**Data records**

━━━━━━━━

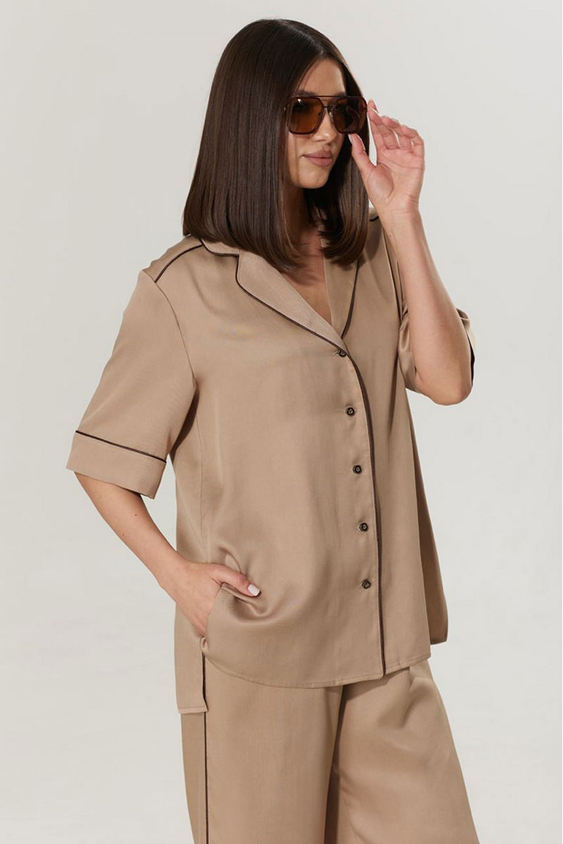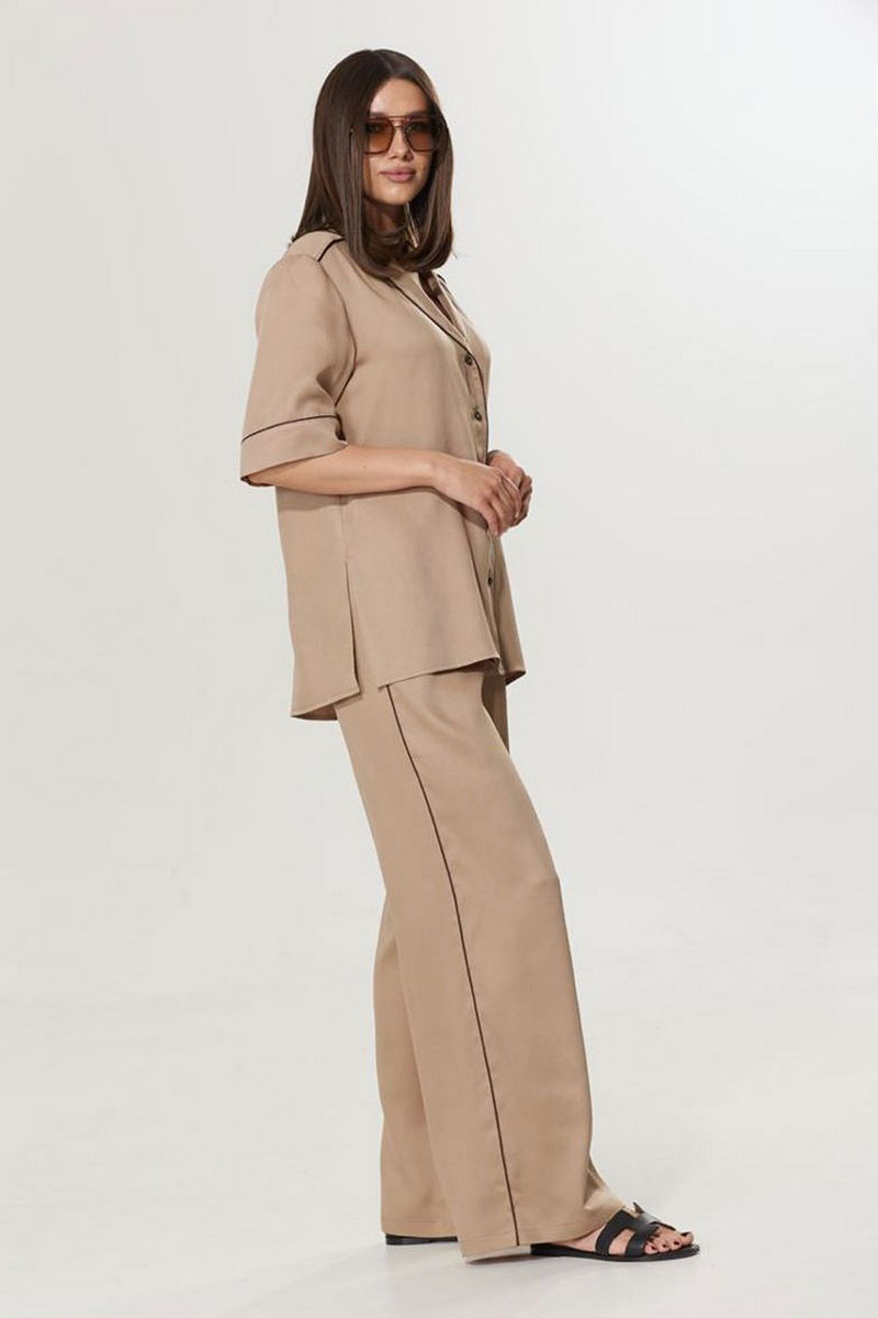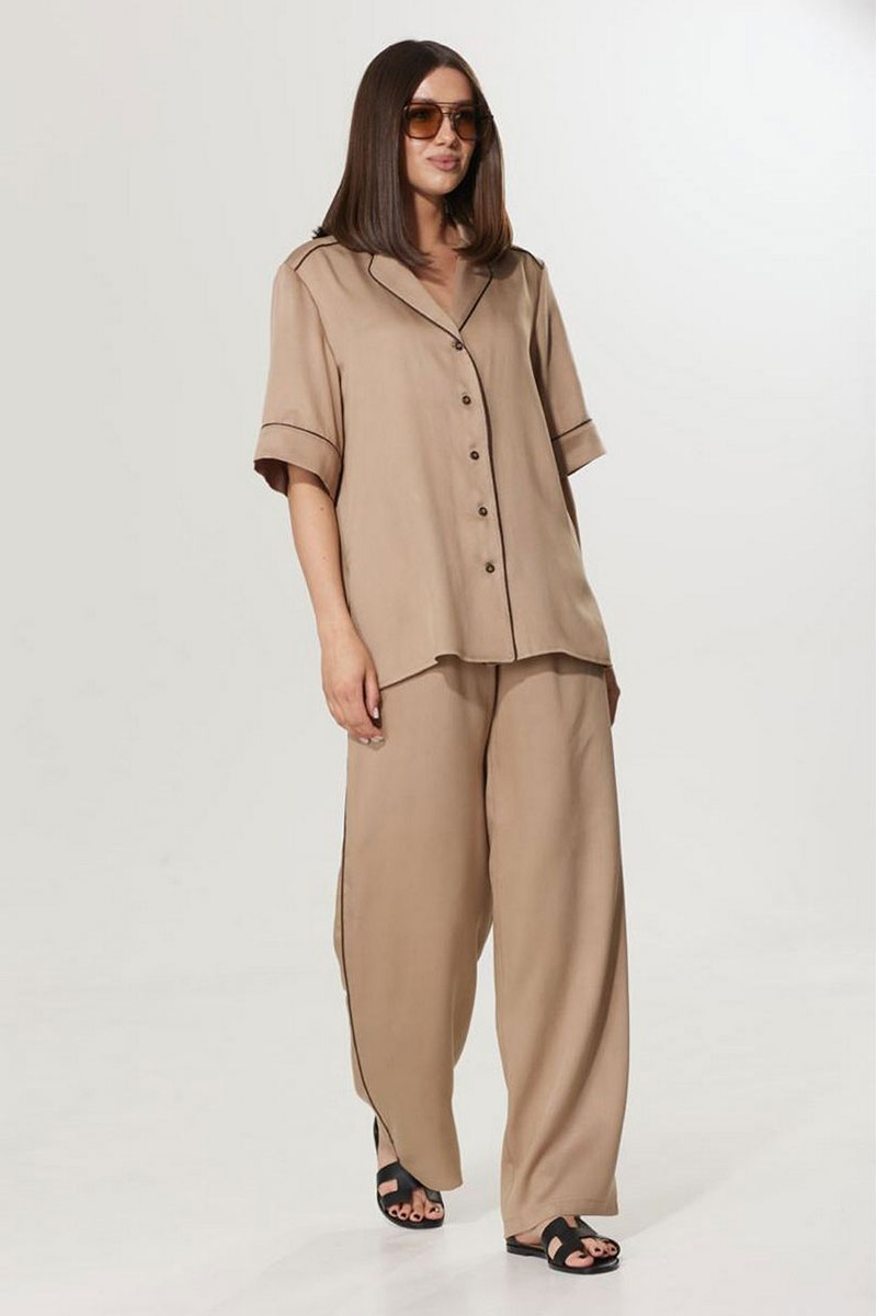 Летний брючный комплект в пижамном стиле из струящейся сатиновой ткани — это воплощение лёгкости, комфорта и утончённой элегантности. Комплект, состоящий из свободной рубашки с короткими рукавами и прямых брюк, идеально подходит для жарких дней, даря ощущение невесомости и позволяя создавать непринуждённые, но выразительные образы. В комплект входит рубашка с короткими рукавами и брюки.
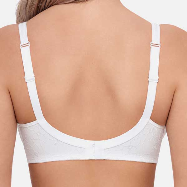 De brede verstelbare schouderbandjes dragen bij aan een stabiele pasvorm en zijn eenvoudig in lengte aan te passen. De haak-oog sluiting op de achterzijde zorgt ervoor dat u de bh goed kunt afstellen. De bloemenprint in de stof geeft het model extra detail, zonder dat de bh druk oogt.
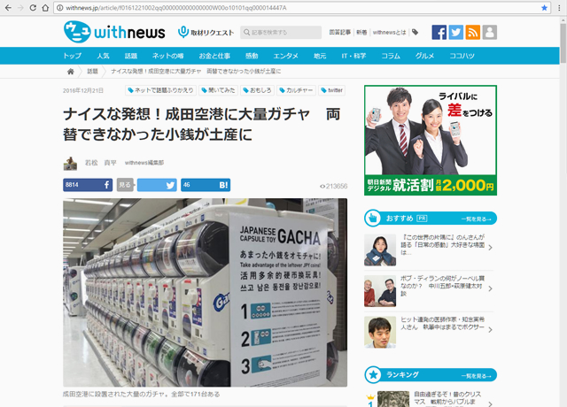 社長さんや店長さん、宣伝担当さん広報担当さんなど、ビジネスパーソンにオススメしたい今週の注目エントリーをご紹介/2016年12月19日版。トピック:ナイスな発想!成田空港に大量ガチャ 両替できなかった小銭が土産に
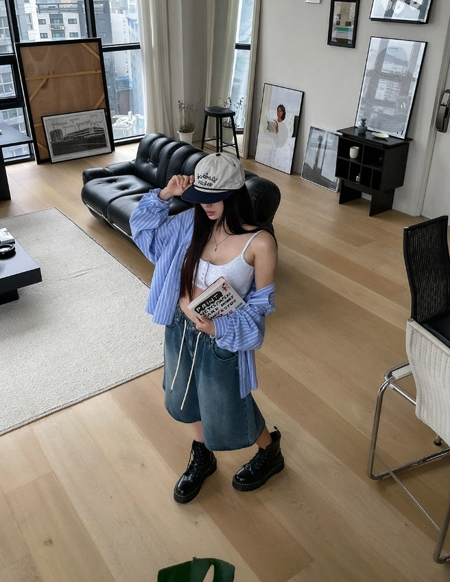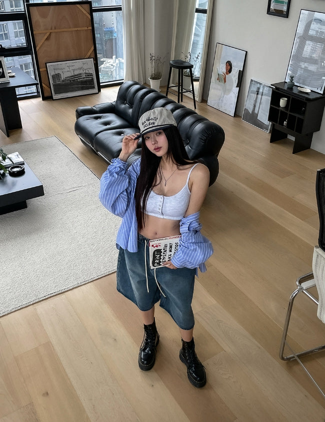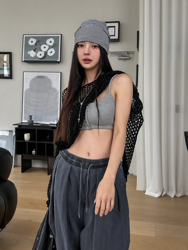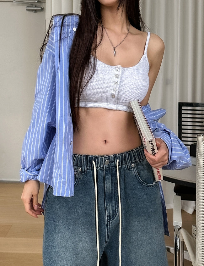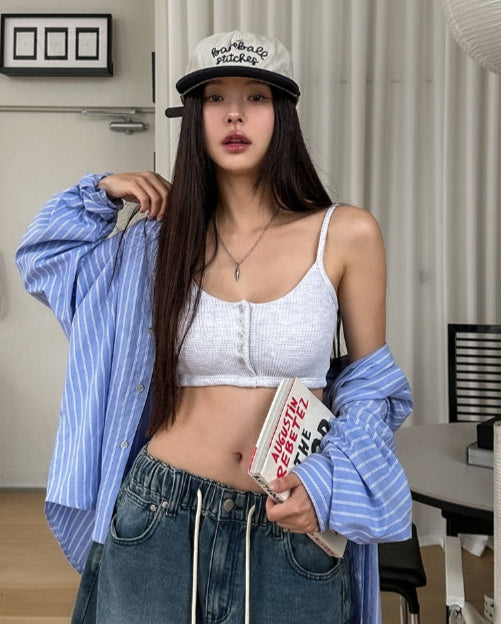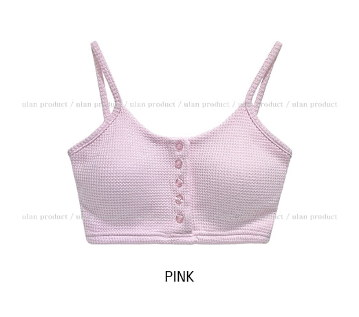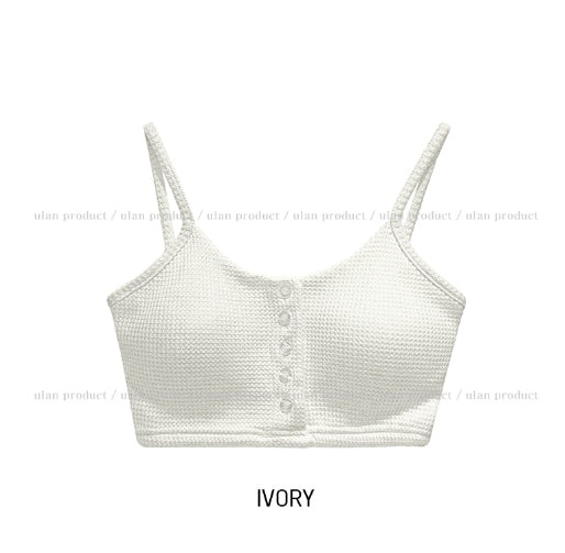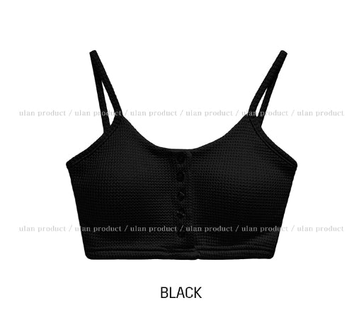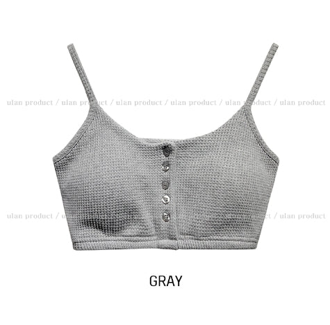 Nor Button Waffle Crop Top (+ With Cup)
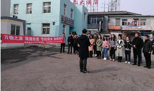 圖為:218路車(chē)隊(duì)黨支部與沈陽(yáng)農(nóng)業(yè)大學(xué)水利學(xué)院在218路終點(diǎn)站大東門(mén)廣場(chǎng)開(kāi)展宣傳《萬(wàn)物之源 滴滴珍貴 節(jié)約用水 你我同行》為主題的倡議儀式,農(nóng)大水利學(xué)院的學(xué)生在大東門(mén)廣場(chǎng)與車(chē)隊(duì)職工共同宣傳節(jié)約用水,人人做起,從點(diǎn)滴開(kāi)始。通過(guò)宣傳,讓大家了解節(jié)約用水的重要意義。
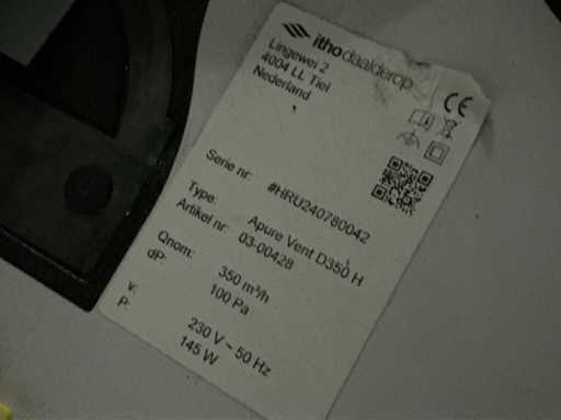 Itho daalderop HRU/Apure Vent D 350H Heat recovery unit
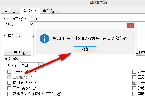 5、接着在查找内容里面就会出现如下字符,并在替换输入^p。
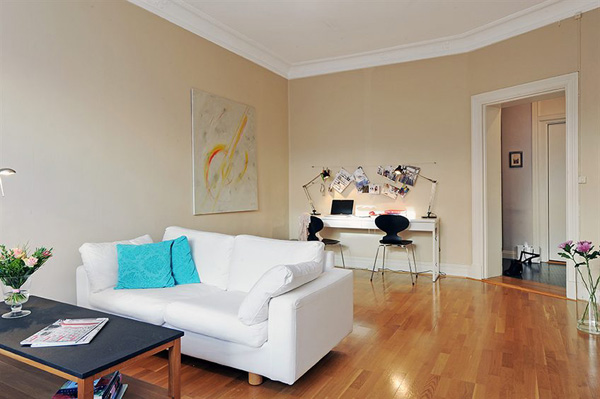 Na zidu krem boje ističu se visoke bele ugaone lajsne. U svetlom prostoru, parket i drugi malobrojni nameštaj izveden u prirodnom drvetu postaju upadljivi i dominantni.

━━━━━━━━

**Task to complete**
Your copy of the entries must be exact and must contain no pictures.

**Task answer**
 Летний брючный комплект в пижамном стиле из струящейся сатиновой ткани — это воплощение лёгкости, комфорта и утончённой элегантности. Комплект, состоящий из свободной рубашки с короткими рукавами и прямых брюк, идеально подходит для жарких дней, даря ощущение невесомости и позволяя создавать непринуждённые, но выразительные образы. В комплект входит рубашка с короткими рукавами и брюки.
 De brede verstelbare schouderbandjes dragen bij aan een stabiele pasvorm en zijn eenvoudig in lengte aan te passen. De haak-oog sluiting op de achterzijde zorgt ervoor dat u de bh goed kunt afstellen. De bloemenprint in de stof geeft het model extra detail, zonder dat de bh druk oogt.
 社長さんや店長さん、宣伝担当さん広報担当さんなど、ビジネスパーソンにオススメしたい今週の注目エントリーをご紹介/2016年12月19日版。トピック:ナイスな発想!成田空港に大量ガチャ 両替できなかった小銭が土産に
 Nor Button Waffle Crop Top (+ With Cup)
 圖為:218路車(chē)隊(duì)黨支部與沈陽(yáng)農(nóng)業(yè)大學(xué)水利學(xué)院在218路終點(diǎn)站大東門(mén)廣場(chǎng)開(kāi)展宣傳《萬(wàn)物之源 滴滴珍貴 節(jié)約用水 你我同行》為主題的倡議儀式,農(nóng)大水利學(xué)院的學(xué)生在大東門(mén)廣場(chǎng)與車(chē)隊(duì)職工共同宣傳節(jié)約用水,人人做起,從點(diǎn)滴開(kāi)始。通過(guò)宣傳,讓大家了解節(jié)約用水的重要意義。
 Itho daalderop HRU/Apure Vent D 350H Heat recovery unit
 5、接着在查找内容里面就会出现如下字符,并在替换输入^p。
 Na zidu krem boje ističu se visoke bele ugaone lajsne. U svetlom prostoru, parket i drugi malobrojni nameštaj izveden u prirodnom drvetu postaju upadljivi i dominantni.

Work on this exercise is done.